15/10/2009 - Bocciatura Lodo Alfano (evaristo tocci)

Complimenti a Vignali per aver scovato le lucide ed attualissime previsioni di Calamndrei .Sarebbe utile portare le argomentazioni in Parlamento quale base per una riforma seria e condivisa del sistema.

 
15/10/2009 - Capperi! (Francesco Giuseppe Pianori)

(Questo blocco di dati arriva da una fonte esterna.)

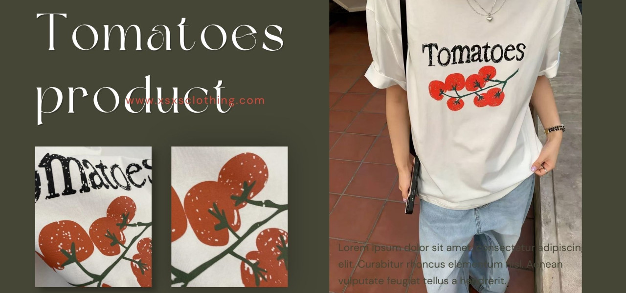 春夏番茄印花慵懶圓領棉質寬鬆短袖上衣
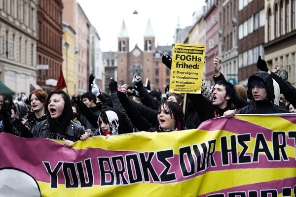 Den första mars var det två år sedan Ungdomshuset på Jagtvej 69 i Köpenhamn stormades av polis och tusentals ungdomar och vuxna gick ut på gatorna i protest mot att huset skulle rivas. Vid sammanstötningar med kravallutrustad polis sattes bilar i brand och stora delar av stadsdelen Nørrebro stod under belägring. Många artister engagerade sig för ungdomarna och solidaritetsaktioner över hela världen anordnades. I Köpenhamn fortsatte fantasifulla demonstrationer och aktioner ända tills ett nytt ungdomshus uppfördes i april förra året. Men kampen har inte upphört.
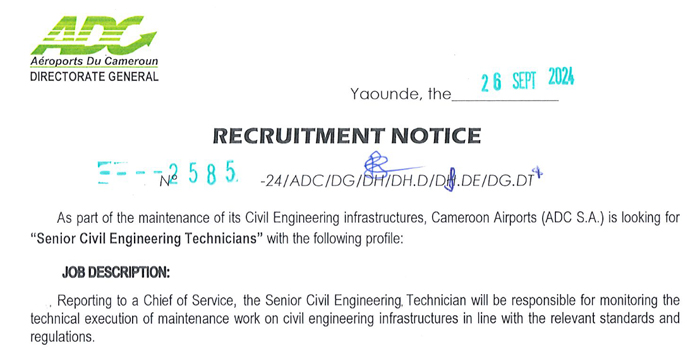 As part of the maintenance of its civil engineering infrastructures, the company Aéroports Du Cameroun is looking for Senior Technicians in Civil Engineering.
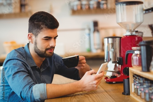 hot drink, text, man, wireless, mobile, office, messaging, lifestyle, casual attire, having, while, phone, mobile phone, cafeteria, communication, refreshment, technology, smartphone, occupation, connection, electronic, workplace, beverage, drinking, photogenic, clothing, leisure, message, holding, service, dialling, sitting, texting, men at work, typing, drink, young, cafes, cup, in, on
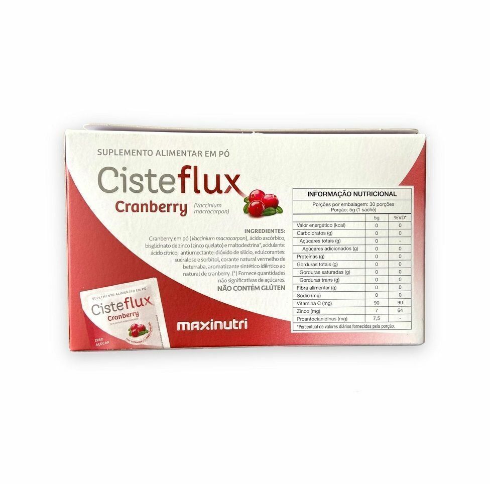 Cisteflux Cranberry Display (30 sachês de 5g)       O Cisteflux Cranberry associado à Vitamina C e ao Zinco tem propriedades antioxidantes e seus fitos nutrientes tem o potencial de impedir danos oxidativos causados pela espécie reativa do oxigênio, deste modo, protege o organismo contra condições cardiovasculares e câncer. Além do seu potencial antioxidante, ajuda também no fortalecimento do sistema imunológico, diminuindo assim as gripes e resfriados.   Benefícios: - Protege o organismo contra condições cardiovasculares e câncer;- Fortalecimento do sistema imunológico;- Diminui gripes e resfriados.
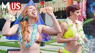 Jerkaoke summertime orgy bends over models in wild group handjob game
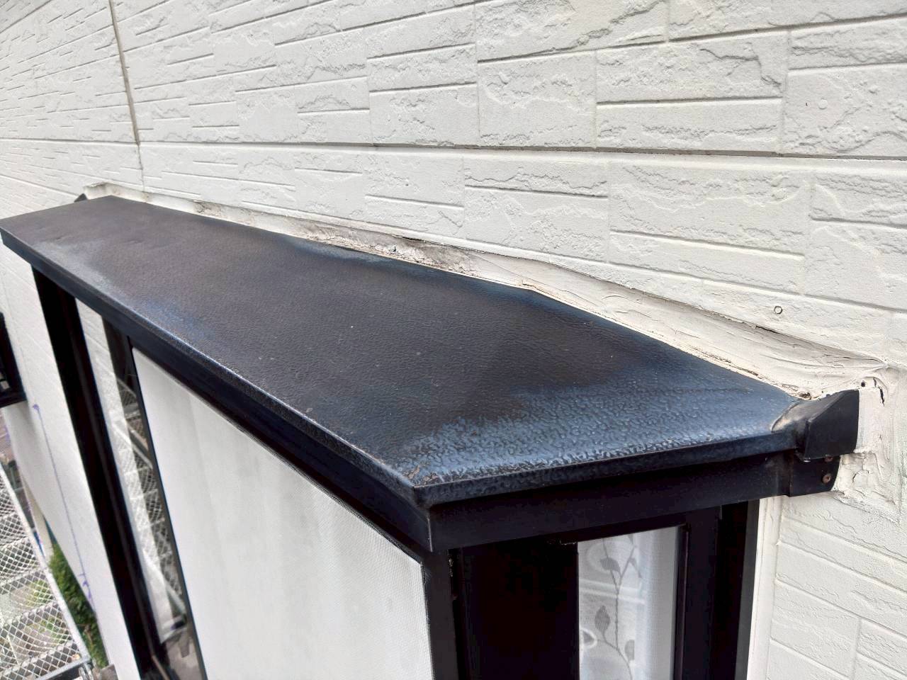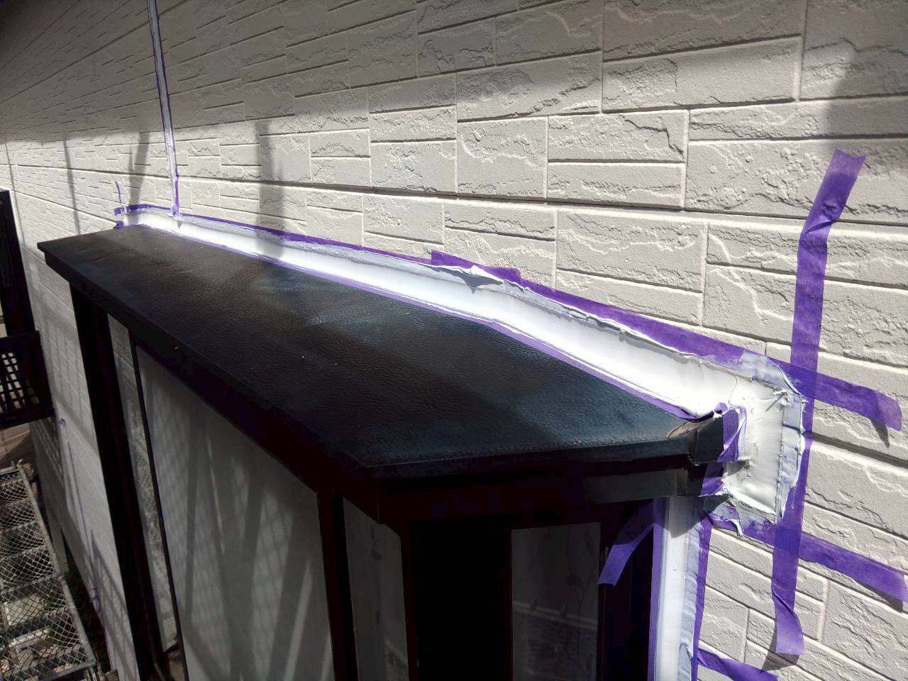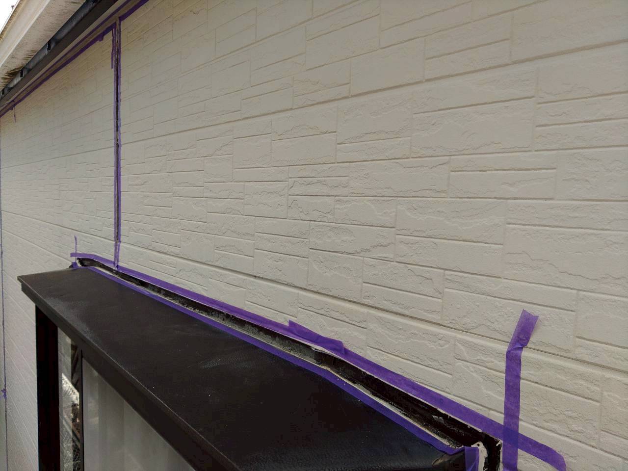 養生完了後、シーリング材の密着性を高めるためにプライマー(下塗り材)を丁寧に塗布しました。 プライマーはシーリング材と下地の接着を強固にする役割を担っており、この工程を省略すると後々の剥離トラブルにつながります。 特に金属製の庇まわりや、サイディング目地では密着不良が起きやすいため、プライマーの塗布は欠かさず実施しています。
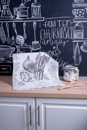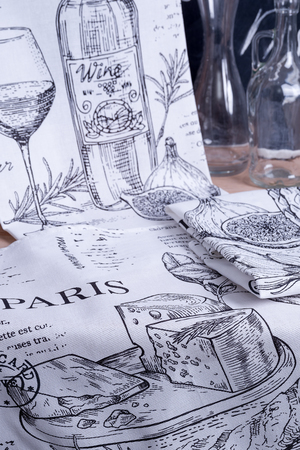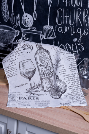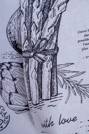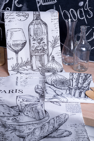 Стильный набор из трех кухонных полотенец размером 60*48 из рогожки. Полотенца белого цвета с черными надписями и черно-белыми рисунками.

Non ero assolutamente a conoscenza di questo fatto. Non sono un giurista e neppure un costituzionalista; ma, istintivamente, ho sempre capito che se la sovranità appartiene al popolo, come recita chiaramente la Carta Costituzionale all'art. 1, questo è il discrimine reale di ogni legge. Ora appare chiaro che non siamo più nella Repubblica democratica (popolo sovrano) voluta dai Padri Costituenti. Forse non lo siamo mai stati; ma almeno finora una serie di pesi e contrappesi aveva impedito la conquista del potere di alcuni, secondo il modello gramsciano. Poveri noi! Povero popolo italiano! E io che mi ritenevo fortunato a non essere nato nel periodo fascista come mio padre o sotto De Pretis come mio nonno! Grazie, per questo prezioso documento, Raffaello.

 
15/10/2009 - Presto ch'è tardi (Adriano Ferro)

"Occorrerebbe che il Parlamento riflettesse...". Non c'è dubbio. Ma non è troppo tardi? Il cancro non è già in metastasi?

 
15/10/2009 - la corte costituzionale e la magistratura (antonio petrina)

Se ben ricordo, dai passati anni universitari catanesi, il giurista Calamandrei scrisse un libro intitolato "Elogio di un giudice da parte di un avvocato" , a testimonianza del grande rispetto per questa figura quasi sacerdotale, come accennava anche sul Corsera del 14 ottobre l'on. Bongiorno a proposito delle prospettive di riforma dell'ordinamento giudiziario.